Plett Christoph, Grimme Stefan, Hansen Andreas
Mulliken Center for Theoretical Chemistry, Clausius-Institut für Physikalische und Theoretische Chemie, Universität Bonn, Beringstraße 4, 53115 Bonn, Germany.
J Chem Theory Comput. 2024 Sep 11. doi: 10.1021/acs.jctc.4c00801.
Simulating peptides and proteins is becoming increasingly important, leading to a growing need for efficient computational methods. These are typically semiempirical quantum mechanical (SQM) methods, force fields (FFs), or machine-learned interatomic potentials (MLIPs), all of which require a large amount of accurate data for robust training and evaluation. To assess potential reference methods and complement the available data, we introduce two sets, DipCONFL and DipCONFS, which cover large parts of the conformational space of 17 amino acids and their 289 possible dipeptides in aqueous solution. The conformers were selected from the exhaustive PeptideCS dataset by Andris et al. [ 2022, 126, 5949-5958]. The structures, originally generated with GFN2-xTB, were reoptimized using the accurate rSCAN-3c density functional theory (DFT) composite method including the implicit CPCM water solvation model. The DipCONFS benchmark set contains 918 conformers and is one of the largest sets with highly accurate coupled cluster conformational energies so far. It is employed to evaluate various DFT and wave function theory (WFT) methods, especially regarding whether they are accurate enough to be used as reliable reference methods for larger datasets intended for training and testing more approximated SQM, FF, and MLIP methods. The results reveal that the originally provided BP86-D3(BJ)/DGauss-DZVP conformational energies are not sufficiently accurate. Among the DFT methods tested as an alternative reference level, the revDSD-PBEP86-D4 double hybrid performs best with a mean absolute error (MAD) of 0.2 kcal mol compared with the PNO-LCCSD(T)-F12b reference.

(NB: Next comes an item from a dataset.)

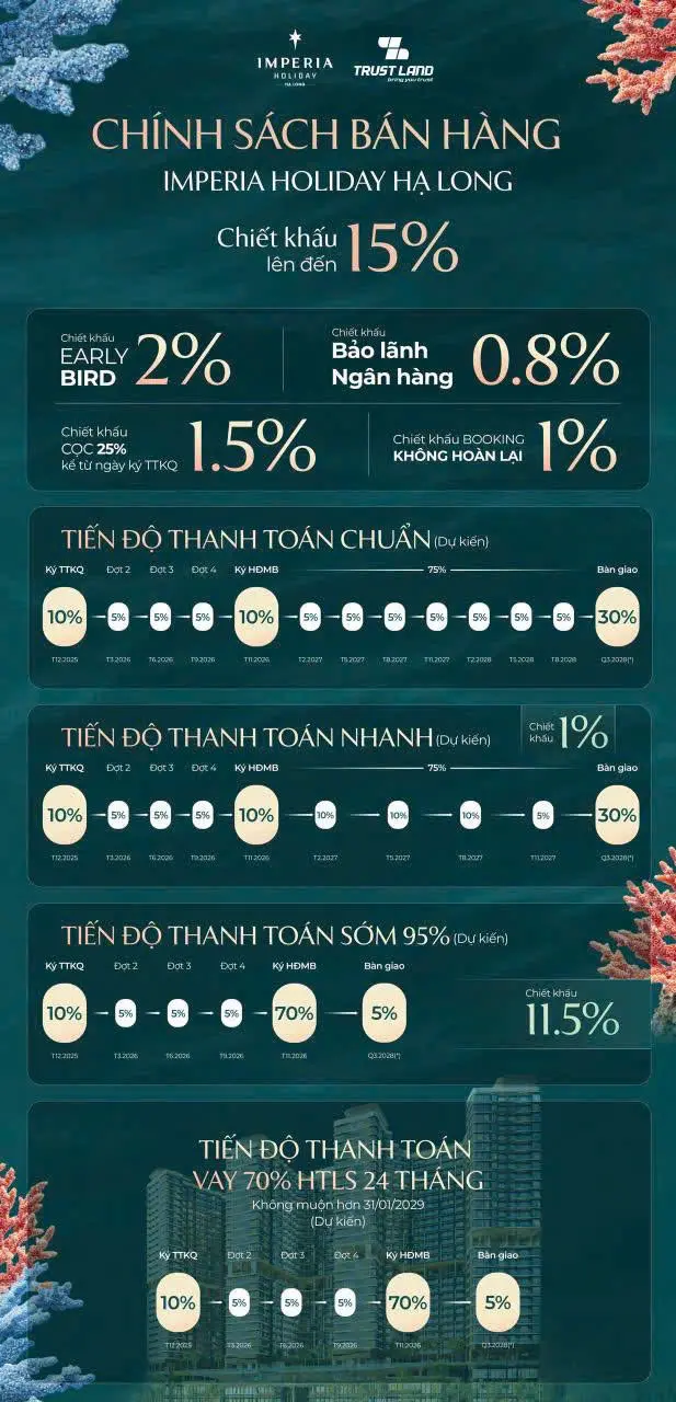 The Bayside Hạ Long (tên gọi chính thức của Imperia Holiday) hiện đang bước vào giai đoạn bùng nổ sau sự kiện động thổ cuối năm 2025. Để hỗ trợ tối đa cho khách hàng trong bối cảnh thị trường du lịch Hạ Long phục hồi mạnh mẽ, chủ đầu tư MIK Group đã công bố bộ chính sách bán hàng ưu việt, tập trung vào việc giãn tiến độ thanh toán và tối ưu hóa đòn bẩy tài chính. Đây được coi là “cơ hội vàng” để sở hữu căn hộ view vịnh sở hữu lâu dài với mức chi phí ban đầu hợp lý nhất.

The very efficient rSCAN-3c composite method also shows excellent results, with an MAD of 0.3 kcal mol, similar to the best-tested hybrid ωB97M-D4. With these findings, we compiled the large DipCONFL set, which includes over 29,000 realistic conformers in solution with reasonably accurate rSCAN-3c reference conformational energies, gradients, and further properties potentially relevant for training MLIP methods. This set, also in comparison to DipCONFS, is used to assess the performance of various SQM, FF, and MLIP methods robustly and can complement training sets for those.

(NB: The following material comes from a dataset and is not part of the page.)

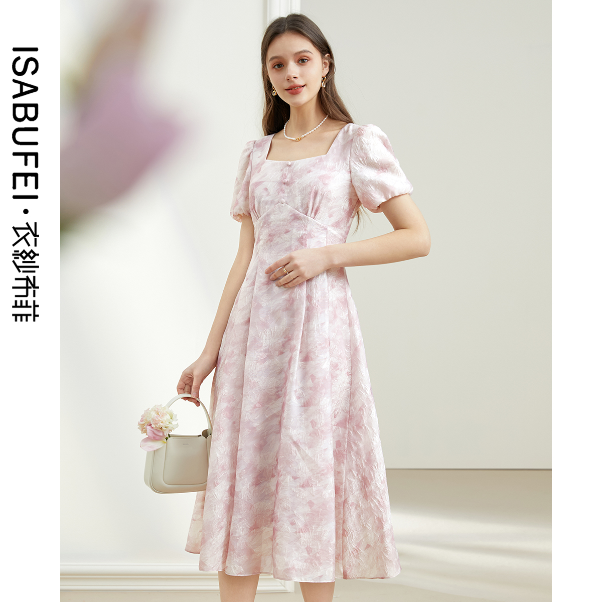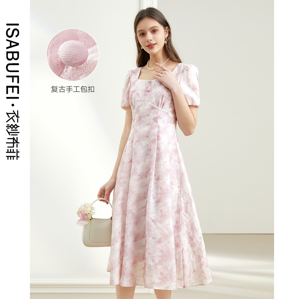 衣纱布菲芳菲法式油画连衣裙新款女夏泡泡袖收腰绝美粉色长裙

模拟肽和蛋白质变得越来越重要,这导致对高效计算方法的需求不断增长。这些方法通常是半经验量子力学(SQM)方法、力场(FF)或机器学习原子间势(MLIP),所有这些方法都需要大量准确的数据进行稳健的训练和评估。为了评估潜在的参考方法并补充可用数据,我们引入了两组数据,DipCONFL和DipCONFS,它们涵盖了17种氨基酸及其在水溶液中的289种可能二肽的大部分构象空间。这些构象是从Andris等人[2022, 126, 5949 - 5958]详尽的PeptideCS数据集中选择的。最初使用GFN2 - xTB生成的结构,使用包括隐式CPCM水溶剂化模型的精确rSCAN - 3c密度泛函理论(DFT)复合方法进行了重新优化。DipCONFS基准集包含918个构象,是迄今为止具有高精度耦合簇构象能量的最大数据集之一。它用于评估各种DFT和波函数理论(WFT)方法,特别是关于它们是否准确到足以用作更大数据集的可靠参考方法,这些数据集旨在训练和测试更近似的SQM、FF和MLIP方法。结果表明,最初提供的BP86 - D3(BJ)/DGauss - DZVP构象能量不够准确。在作为替代参考水平测试的DFT方法中,revDSD - PBEP86 - D4双杂化方法表现最佳,与PNO - LCCSD(T) - F12b参考相比,平均绝对误差(MAD)为0.2 kcal/mol。非常高效的rSCAN - 3c复合方法也显示出优异的结果,MAD为0.3 kcal/mol,与测试最好的杂化ωB97M - D4相似。基于这些发现,我们编制了大型DipCONFL集,其中包括超过29,000个溶液中的实际构象,具有合理准确的rSCAN - 3c参考构象能量、梯度以及可能与训练MLIP方法相关的其他性质。与DipCONFS相比,这个数据集也用于稳健地评估各种SQM、FF和MLIP方法的性能,并可以补充这些方法的数据训练集。